Does anyone know why they rate the pump at 30V DC? I thought all solar panels ran 12V and could be wired in series to get 24V.....? 

and lastly did i screw the numbers up some how?


----------



## Harry Chickpea (Dec 19, 2008)

First. There is no free lunch. Whenever dealing with energy - ESPECIALLY alt energy - keep that in mind.

DC motors have a range of voltages that they work at, depending on the wiring and load and design. The important concept of DC motors is the way they handle loads. Traction motors in particular, but all DC motors in general, have balancing points and load ratings.

When a DC motor is run without a load, it runs at high speed and when voltage and amperage is measured across it, it will be at supply voltage and use low amps. As load is applied, the motor slows down, the voltage measurement decreases, and the amperage (which is current and supplies the strength in torque) increases until the balancing point is met. This property makes DC superior in many motor applications to AC. As the load increases, more amperage is drawn and the motor begins to heat. The load rating is how much load the motor can take without the heat burning it up. Some larger motors can go over-rating for short periods of time as long as there is thermal cut-out protection.

So, what does this have to do with your situation? Line loss and conversion losses. Line loss at low amperage is minimal. Line loss at high amperage is a challenge.

If the pump is rated at 2.8A @ 30V, I expect that it is designed to be run off a 36 or (more likely) 48 volt supply, and it would inherently "lug down" to about 30 volts at the end of the run while in use.

You will take a hit with each conversion. Off the cuff, 10% to 15% each conversion would be expected. If wire is expensive and the converters cheap AND the pump has to run continuously, it might be a way to go.

There is a sneaky cheat though since you only have a 1000 gal cistern.
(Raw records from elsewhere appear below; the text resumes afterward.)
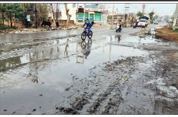
ਸਮਰਾਲਾ-ਖੰਨਾ ਰੋਡ 'ਤੇ ਸੀਵਰੇਜ ਦੇ ਖੜੇ ਗੰਦੇ ਪਾਣੀ ਦੀਆਂ ਤਸਵੀਰਾਂ।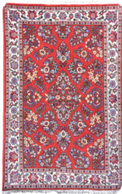
تصویر ۸. قالیچه با طرح دسته‌گلی، ابعاد: ۱/۶۰+۱/۰۷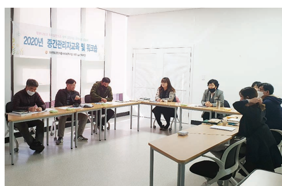
중간관리자교육 및 워크숍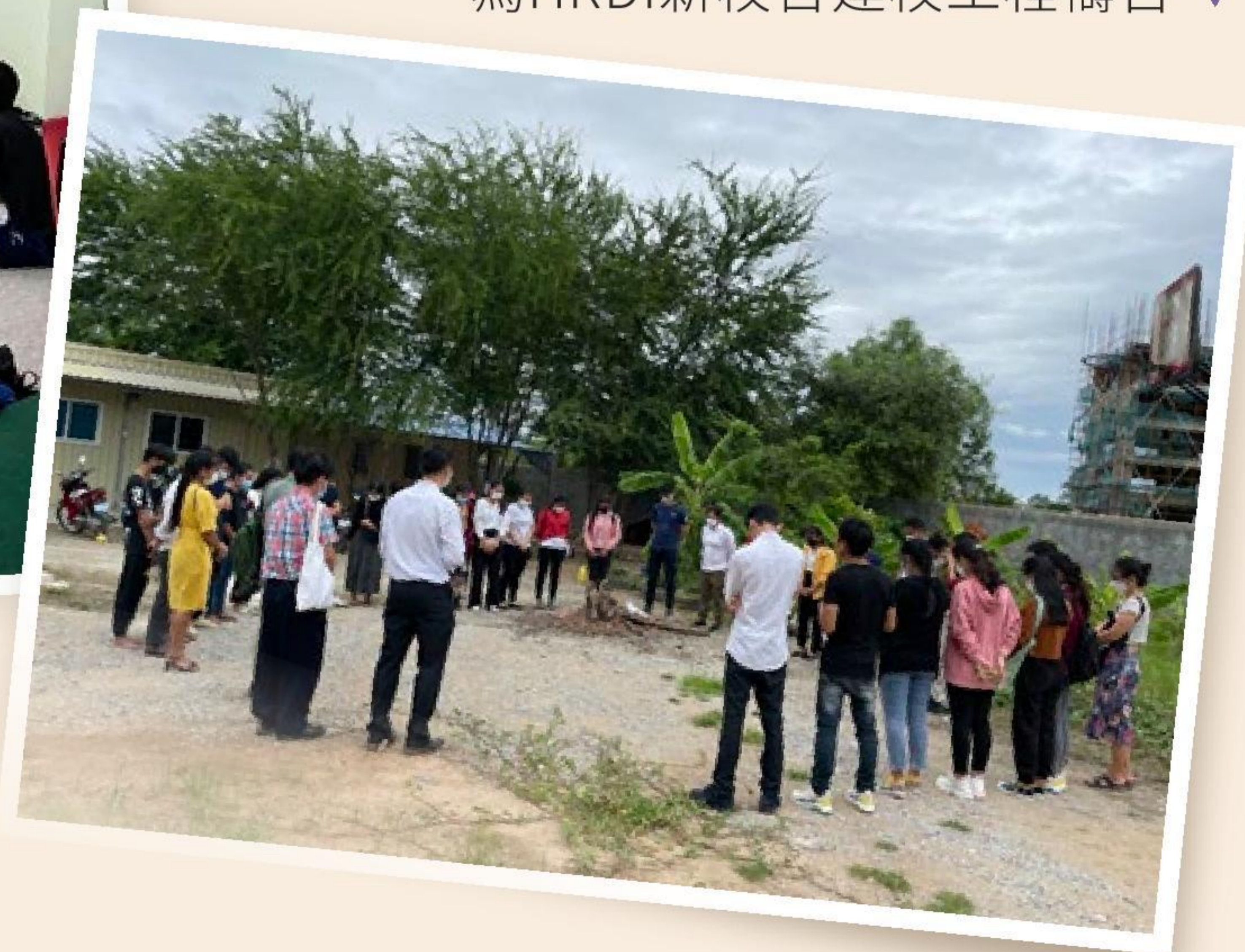
為HRDI新校舍建校工程禱告 ▼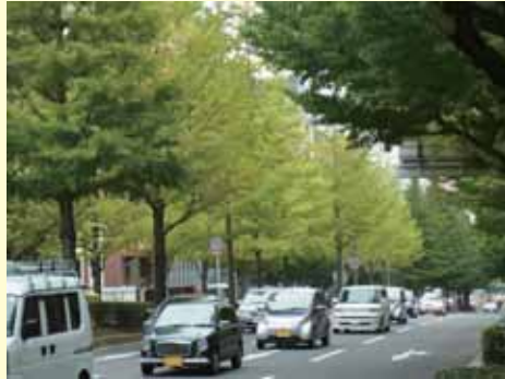
排ガスや剪定に強い街路樹によく使われます。また燃えにくいことから防火性を求められる地域の街路樹には特に多く用いられます。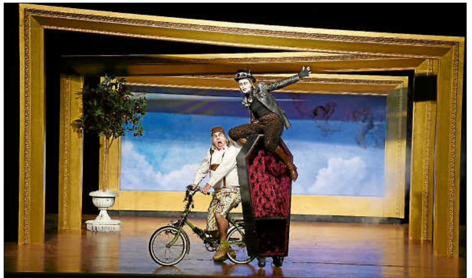
Der Brandner Kaspar mit dem Knochenkarle auf ihrem Weg zur Erde.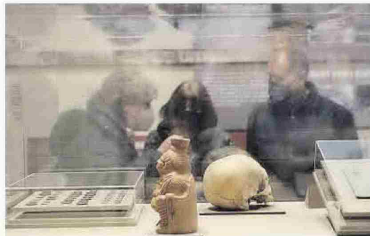
'Passat i present', a La Nau amb motiu del centenari.

«Passat i present. 100 anys fent arqueologia a la Universitat», organitzada per la Universitat de València, a través del Vicerectorat de Cultura i el Departament de Prehistòria, Arqueologia i Història Antiga, amb la col·laboració del Museu de Prehistòria València, el Museu Arqueològic de Gandia, el Museu Ar-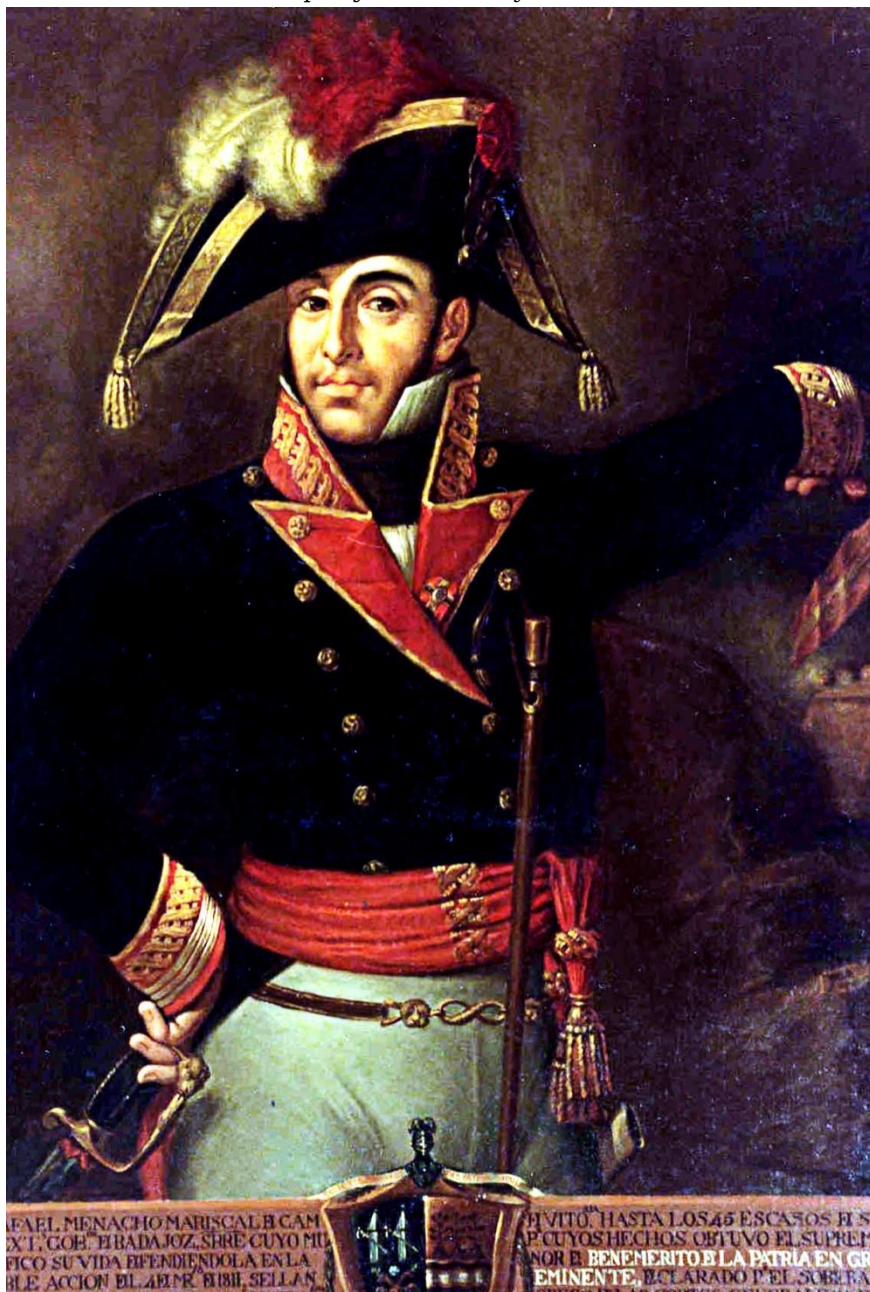
Óleo de la colección del Museo del Ejército

Place a storage battery (with a low voltage cutout) near the pump and use a timer circuit.

During the day, the solar recharges the battery near the pump. That recharging doesn't take a lot of amperage, and the losses while using a smaller wire would be acceptable. At about 11 AM, the pump comes on to fill your tank and then shuts off, either when the tank is full or when the low voltage cutout pulls it off the battery. The rest of the day the solar is refilling the battery to keep it from resting in a discharged state.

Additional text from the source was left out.